The results we obtained with STE-MTR are in full agreement with a longitudinal study by Fjaer et al. (Fjaer et al., 2013), in which MTR was performed on a preclinical 7 Tesla system. In that study, MTR values were significantly decreased in the corpus callosum and the caudate/putamen following CPZ administration in mice, but no changes were detected in cortical areas. A few other studies focusing on the corpus callosum of CPZ-treated mice have associated MTR values to oligodendrocytes numbers and myelin (Boretius et al., 2012; Guglielmetti et al., 2016a; Merkler et al., 2005; Thiessen et al., 2013; Turati et al., 2015), and to markers of gliosis (Guglielmetti et al., 2016a; Zaaraoui et al., 2008).

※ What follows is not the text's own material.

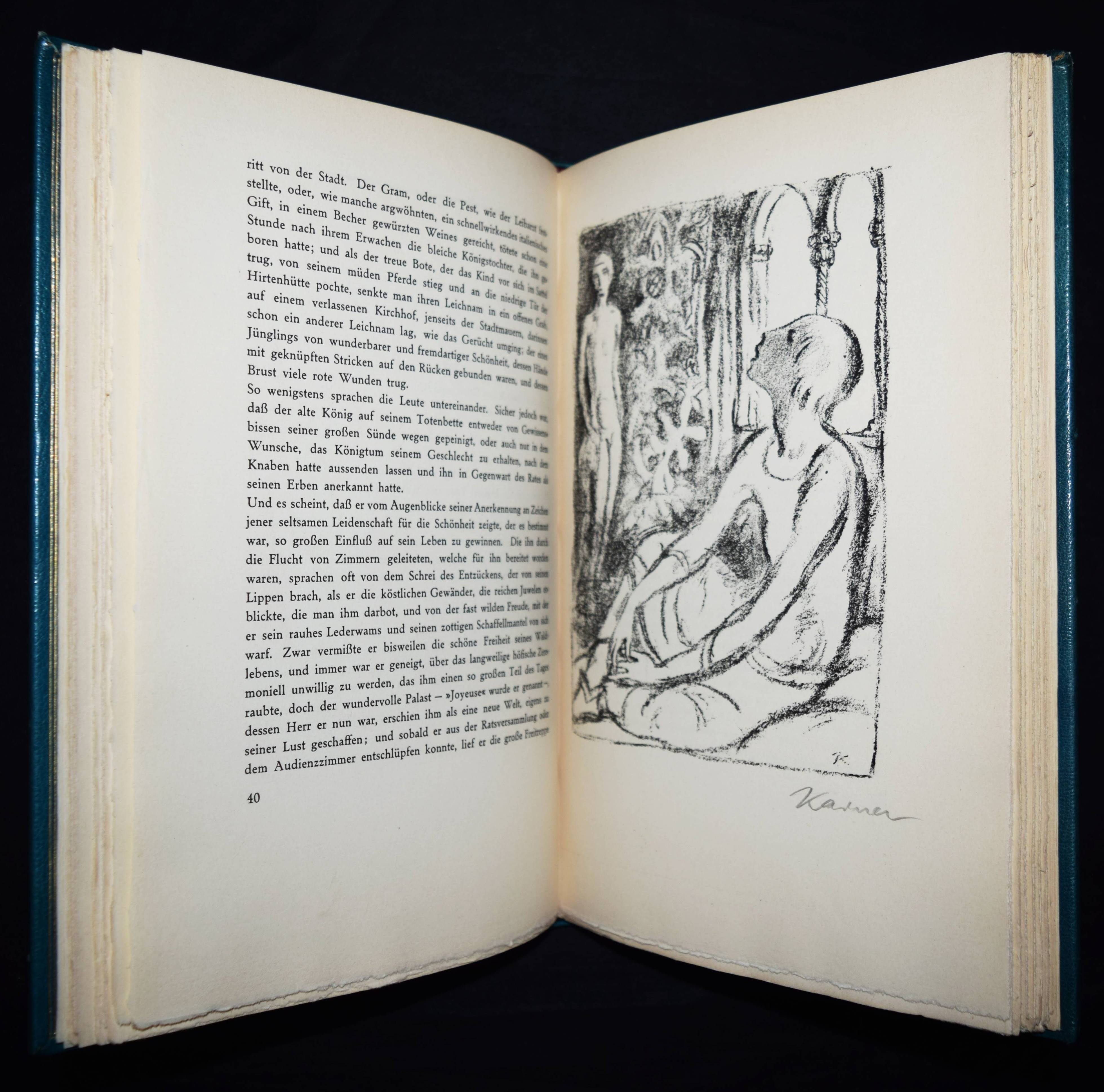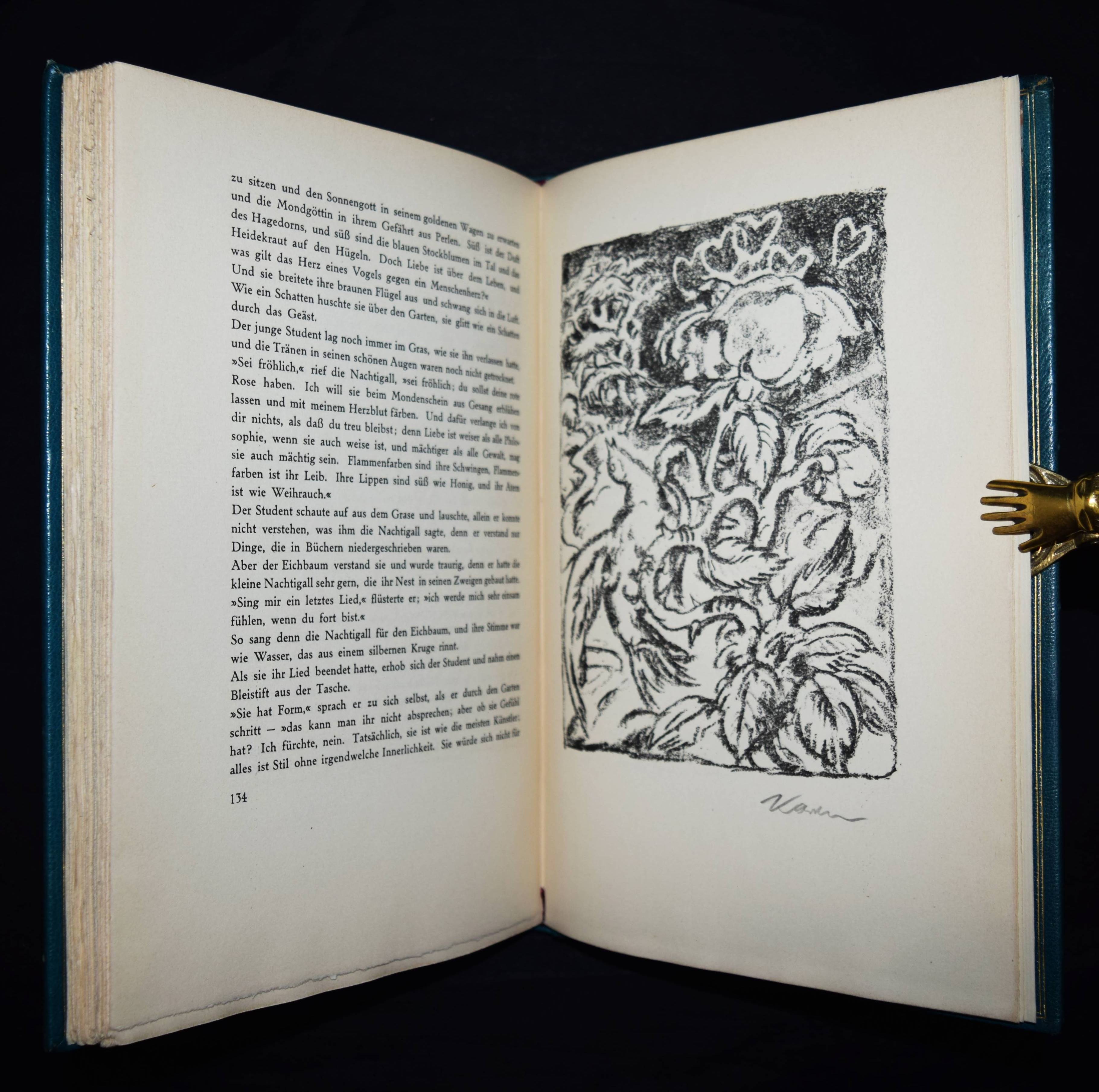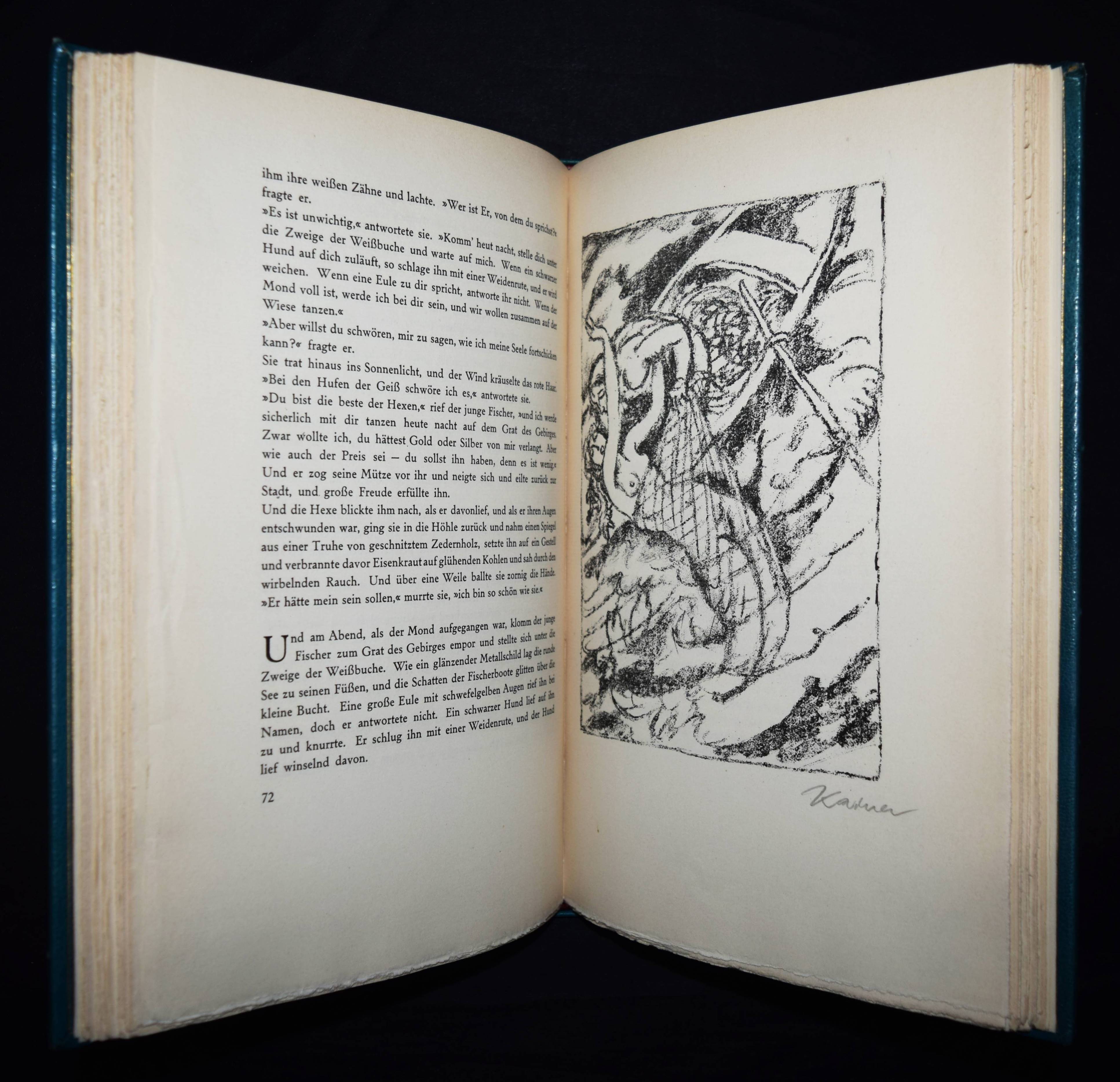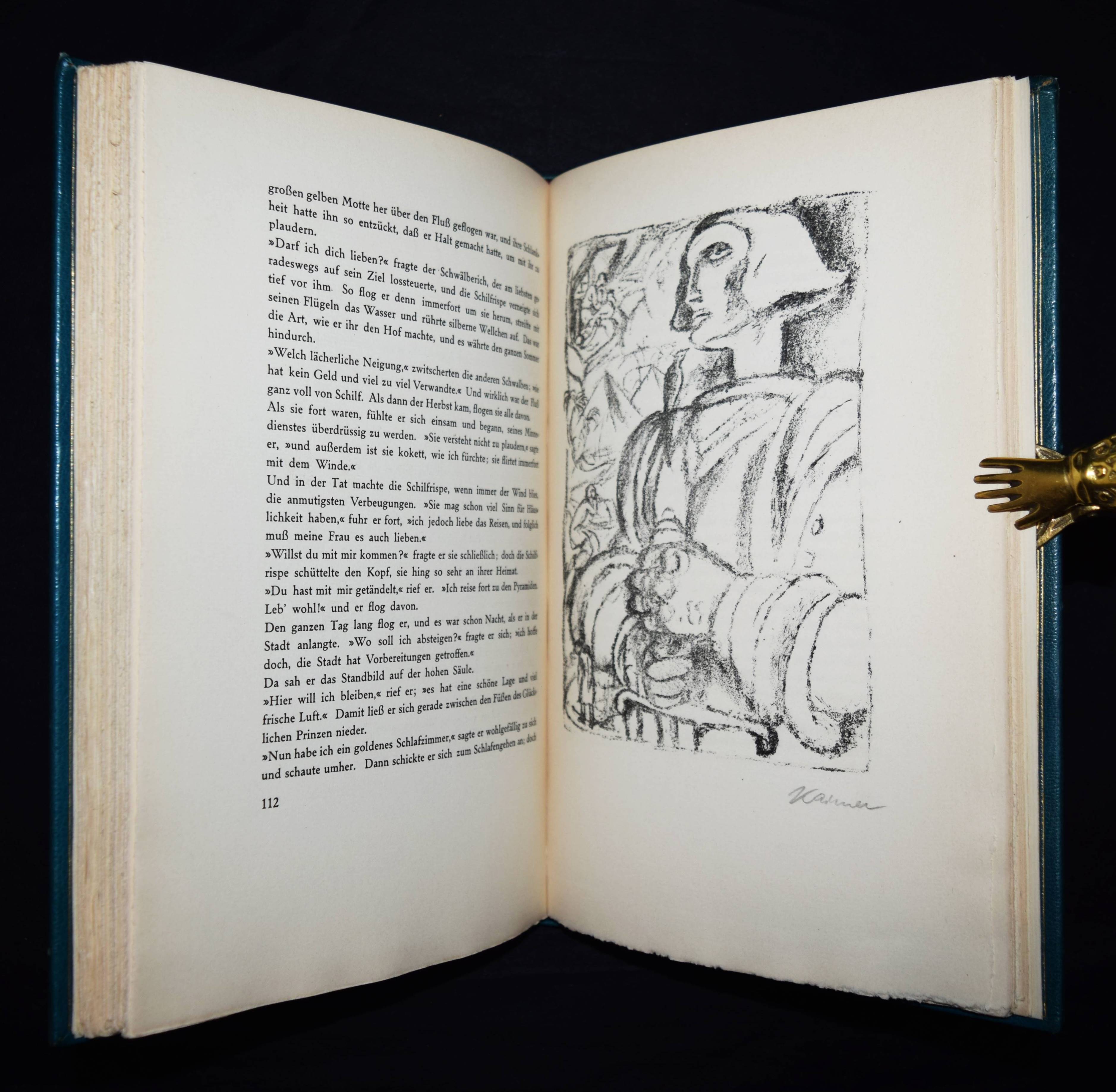 Wilde, Oscar. Der Geburtstag der Infantin und andere Märchen. Mit Steinzeichnungen von Ludwig Kainer. Berlin, Hans Heinrich Tillgner 1922. 4°. [3] Bl., 139, (7) S. mit 33 Orig.-Lithographien, davon 10 ganzseitig und signiert. Türkisgrüner Orig.-Maroquinlederband mit goldgepr. Rückentitel, dezenter Rückenvergoldung, goldgepr. Deckelfiletten, Deckelvignette u. Kopfgoldschnitt (sign. H. Sperling, Leipzig). (Das Prisma I/II). Sennewald 22, 2. – Eins von 100 Exemplaren der Vorzugsausgabe auf Bütten (GA 300 Exemplare). – Der Grafiker, Zeichner, Maler, Illustrator, Filmarchitekt und Kostümbildner L. Kainer (1885-1967) arbeitete vorwiegend für den Simplicissimus (bis 1930 insgesamt 205 Beiträge), während er in der Jugend ab 1909 nur gelegentlich vertreten war. Ab 1912 waren Kainers Illustrationen auch in Zeitschriften wie Der Sturm, Styl, Kleiderkasten und Die Dame vertreten. 1914 entwarf er den Einband von Kurt Pinthus’ Das Kinobuch, im selben Jahr stellte Kainer auf der Bugra in Leipzig aus. – Hans Heinrich Tillgner (1898–1976) gründete nach seinem Literatur- und Kunstgeschichtsstudium Anfang der 1920er Jahre seinen kleinen bibliophilen Verlag. 1922/23 edierte er die Reihe „Das Prisma“. Alle fünfzehn Ausgaben enthielten signierte blattgroße Originallithographien und Textillustrationen, bis Band 7 auch illustrierte Titelblätter. – Der schöne Einband wurde von Walter Hacker für die renomierte Leipziger Buchbinderei H. Sperling (gegr. 1846) angefertigt. – Sehr gutes Exemplar.

In line with these observations, we also showed that both UTE- and STE-MTR values correlate with myelin content as measured by MBP immunostaining in healthy control mice. Interestingly, these correlations between UTE-MTR or STE-MTR and MBP immunostaining were also observed during toxic-induced demyelination following CPZ diet (Table 1 and Table 2), demonstrating that modulations in both UTE- and STE-MTR values were associated with longitudinal changes in myelin content. However, it is important to note that demyelination is often accompanied by changes in the brain microenvironement, such as immune response, reactive gliosis, neurodegeneration and/or edema (Gudi et al., 2009; Lucchinetti et al., 2011; Praet et al., 2014; Reich et al., 2018). In particular, gliosis and swelling of astrocyte processes, as indicated by an increase of GFAP immunostaining, may contribute to an increase of non-myelin associated water and thus might influence the measured UTE-MTR and STE-MTR values (Guglielmetti et al., 2016a; Zaaraoui et al., 2008). In this study, although GFAP staining was increased following CPZ administration, we did not find any correlations between UTE-MTR or STE-MTR values and GFAP immunostaining (Table 1 and Table 2). However, it is still difficult to completely disentangle demyelination and gliosis as these processes mostly occur concomitantly (Supplementary Table 5). Consequently, when we performed correlations on individual ROIs, we observed a strong positive correlation of UTE-MTR and STE-MTR with MBP and an inverse correlation with GFAP. In this analysis, two areas are of particular interest: (1) the splenium, which displays a distinct temporal pattern of demyelination and astrogliosis (Figure 3, maximal demyelination at W4 CPZ and maximal astrogliosis at W6 CPZ), showed that UTE-MTR was more significantly correlated to MBP than GFAP, and that STE-MTR was solely significantly correlated with MBP; (2) the cortical grey matter ROIs show strong correlation between MBP and GFAP immunostaining (Supplementary Table 5) but only UTE-MTR was able to detect association with MBP at the ROIs level (Table 1), indicating that the strongest correlate of UTE-MTR was MBP immunostaining.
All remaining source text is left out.